### Required work
All records below are to be duplicated exactly, with every picture excluded.
::::
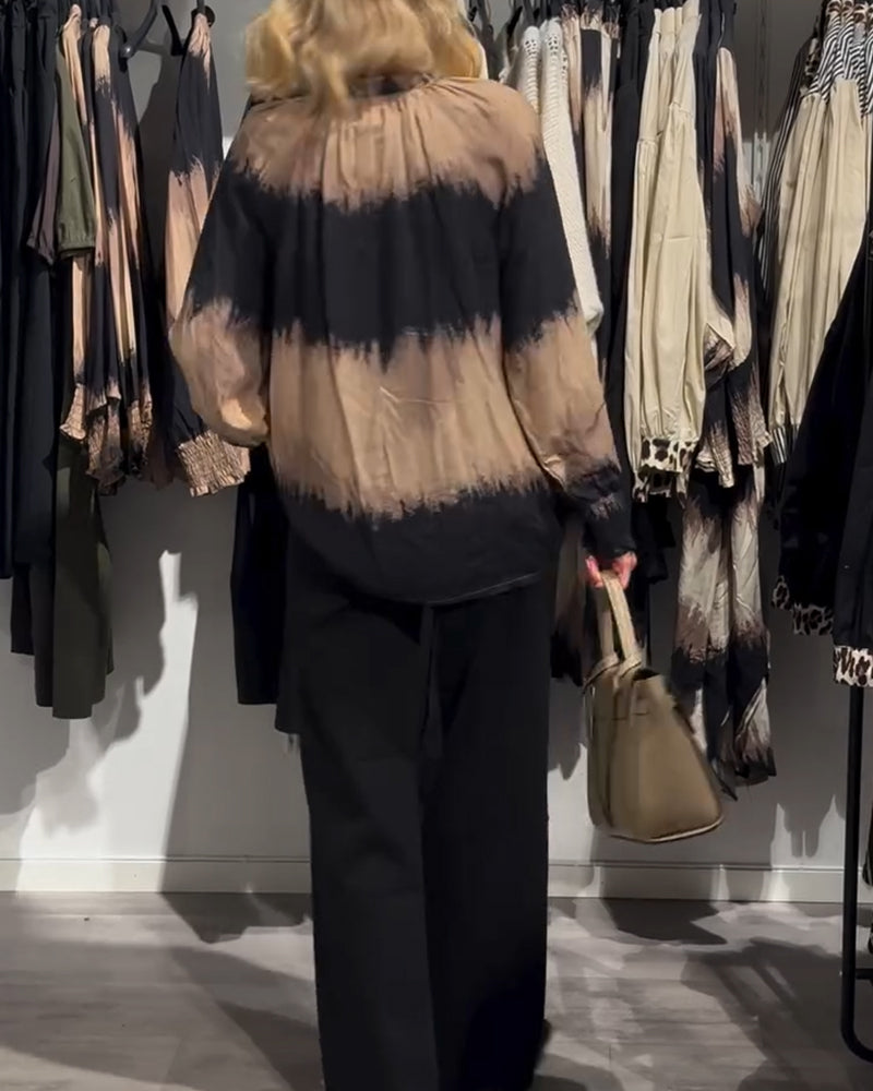 Striped Print Lantern Sleeve Top
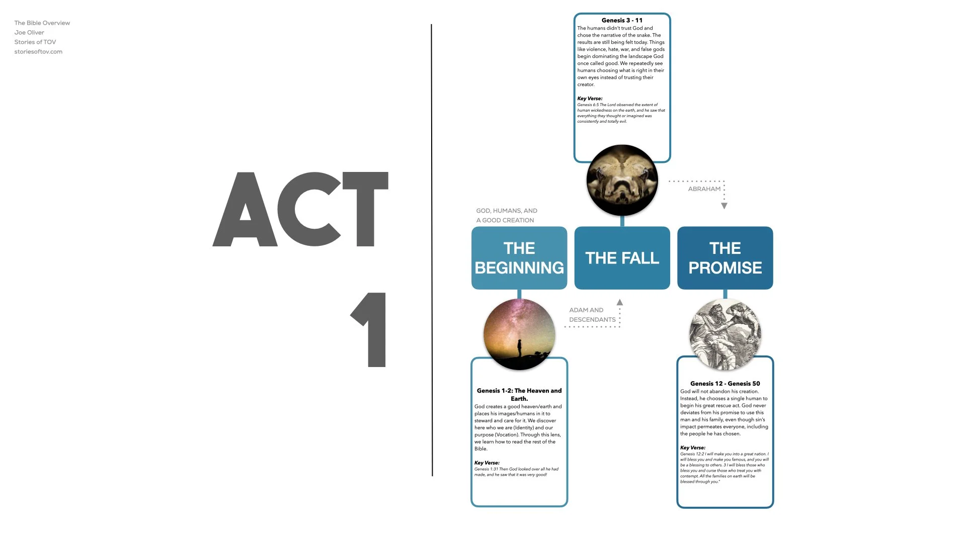 Here’s the way I’ve broken it down: the Bible tells one big story that plays out in three acts. Just like a play or a movie. You’ve got the setup, the conflict, and the resolution. And today, I’m focusing just on Act One. The Setup. Act One includes three movements: The Beginning, The Fall, and The Promise.
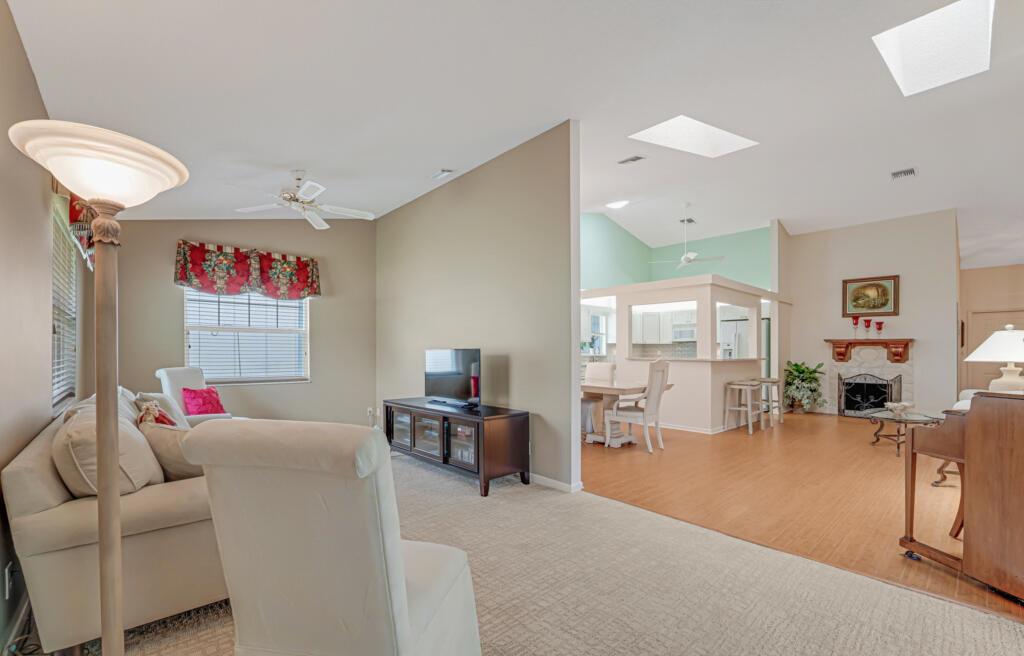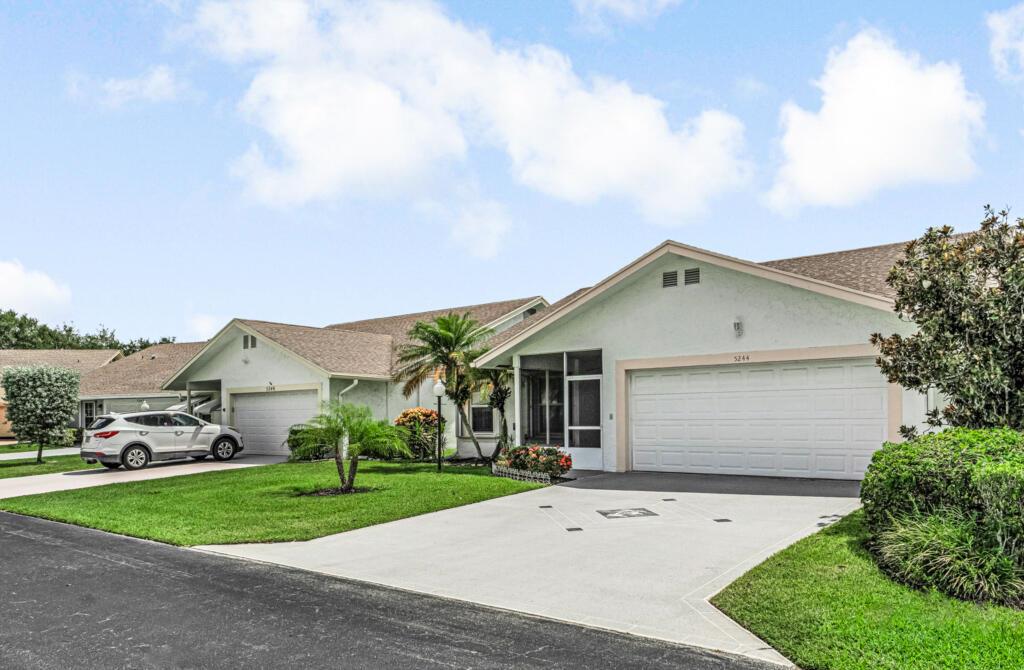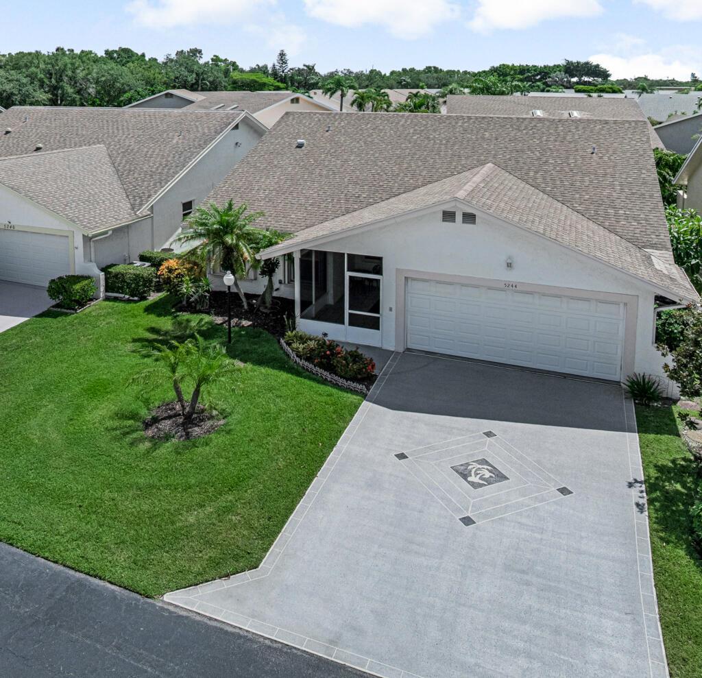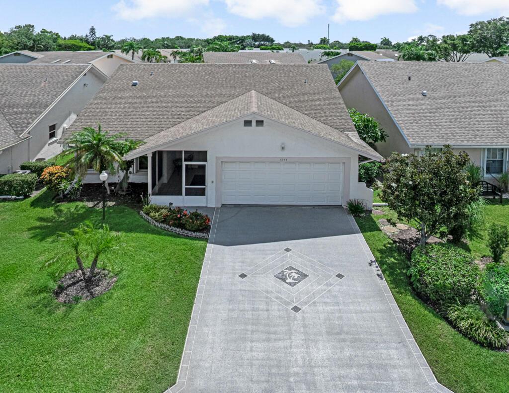 NO MEMBERSHIP TO PLAY GOLF!l lovely, well-maintained 2 BR, 2 full bath , 2 car garage home in the very desirable gated community of Cypress Lakes. Filled with natural light through energy-efficient double-paned windows and sky lights, this home also offers outdoor living with 2 screened patios surrounded by tropical landscaping. Easy-care laminate flooring graces the tastefully updated kitchen, great room, living room and hallways. Note: New AC in 2023, newer washer/dryer, 2017 solar tube replacement, new ROOF in 2005 and accordion shutters. Stroll around the scenic lake, play a morning round of 18 holes, take a refreshing dip in the swimming pool, work out at the fitness center, join a game of pickleball or tennis, or check out the activities at the clubhouse. Welcome home
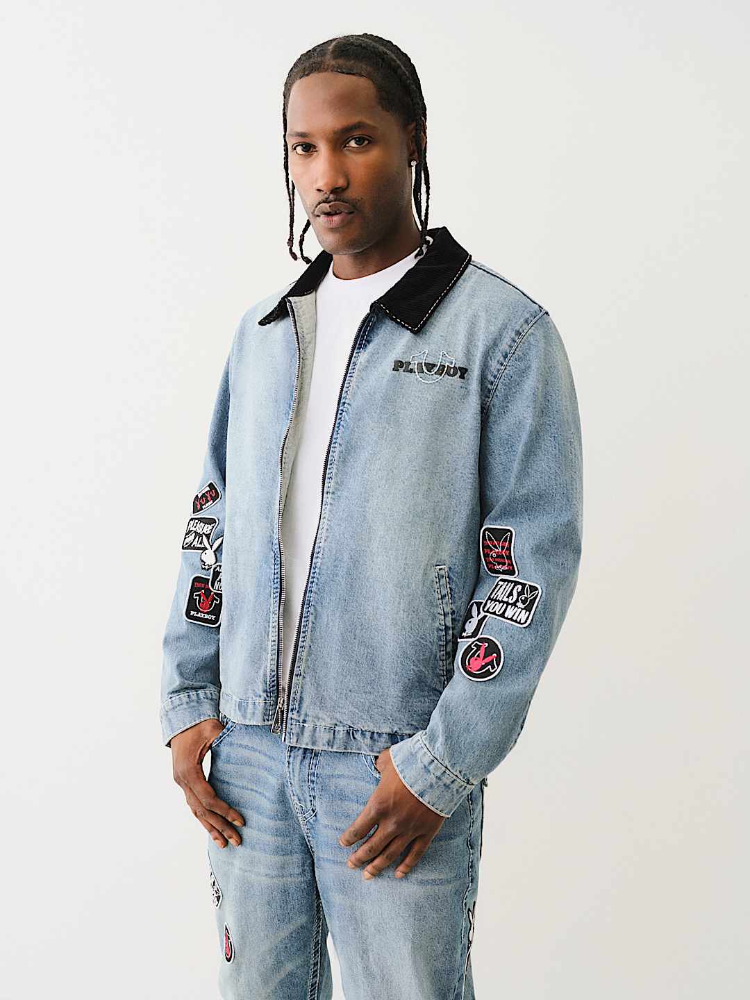 True Religion Playboy Big T Work Denim Jacket Blue Mainline Menswear Denmark Very well made.
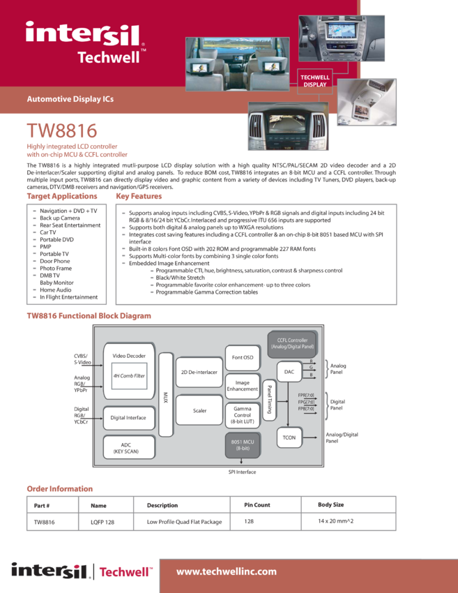 Highly Integrated LCD Controller with On-Chip MCU & CCFL Controller
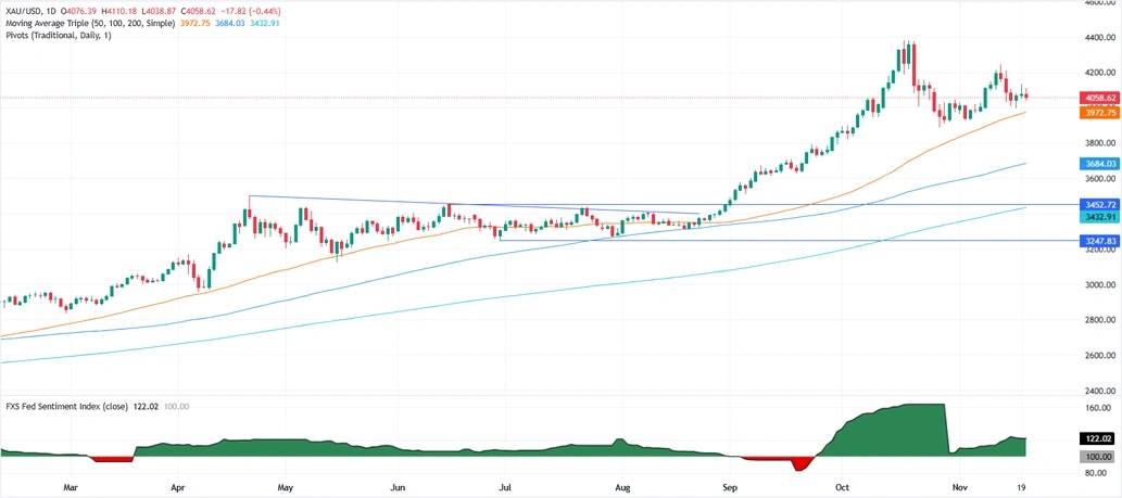 FXStreet分析师Christian Borjon Valencia指出,尽管美联储官员态度转向鹰派,但黄金的上涨趋势依然保持完好。然而,价格走势表明,一旦金价跌破11月18日低点3998美元/盎司,卖方可能占据主导地位,并可能进一步测试50日简单移动平均线(SMA)3954美元/盎司。
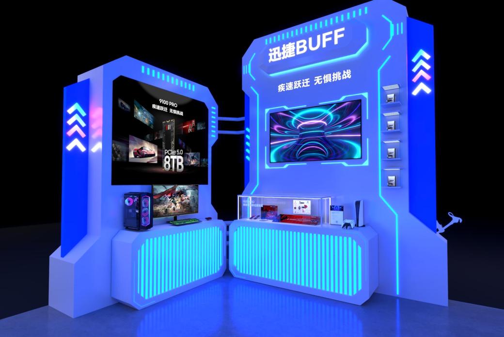 “迅捷BUFF”體驗區以三星9100 PRO固態硬盤為驅動,滿血PCIe5.0性能+超大容量,通過《刺客信條:影》和《索尼克x夏特:世代重啟》游戲,讓觀眾們感受它為高能游戲PC和索尼PS5主機帶來的迅捷加成。
::::
### The completed task
 Striped Print Lantern Sleeve Top
 Here’s the way I’ve broken it down: the Bible tells one big story that plays out in three acts. Just like a play or a movie. You’ve got the setup, the conflict, and the resolution. And today, I’m focusing just on Act One. The Setup. Act One includes three movements: The Beginning, The Fall, and The Promise.
 NO MEMBERSHIP TO PLAY GOLF!l lovely, well-maintained 2 BR, 2 full bath , 2 car garage home in the very desirable gated community of Cypress Lakes. Filled with natural light through energy-efficient double-paned windows and sky lights, this home also offers outdoor living with 2 screened patios surrounded by tropical landscaping. Easy-care laminate flooring graces the tastefully updated kitchen, great room, living room and hallways. Note: New AC in 2023, newer washer/dryer, 2017 solar tube replacement, new ROOF in 2005 and accordion shutters. Stroll around the scenic lake, play a morning round of 18 holes, take a refreshing dip in the swimming pool, work out at the fitness center, join a game of pickleball or tennis, or check out the activities at the clubhouse. Welcome home
 True Religion Playboy Big T Work Denim Jacket Blue Mainline Menswear Denmark Very well made.
 Highly Integrated LCD Controller with On-Chip MCU & CCFL Controller
 FXStreet分析师Christian Borjon Valencia指出,尽管美联储官员态度转向鹰派,但黄金的上涨趋势依然保持完好。然而,价格走势表明,一旦金价跌破11月18日低点3998美元/盎司,卖方可能占据主导地位,并可能进一步测试50日简单移动平均线(SMA)3954美元/盎司。
 “迅捷BUFF”體驗區以三星9100 PRO固態硬盤為驅動,滿血PCIe5.0性能+超大容量,通過《刺客信條:影》和《索尼克x夏特:世代重啟》游戲,讓觀眾們感受它為高能游戲PC和索尼PS5主機帶來的迅捷加成。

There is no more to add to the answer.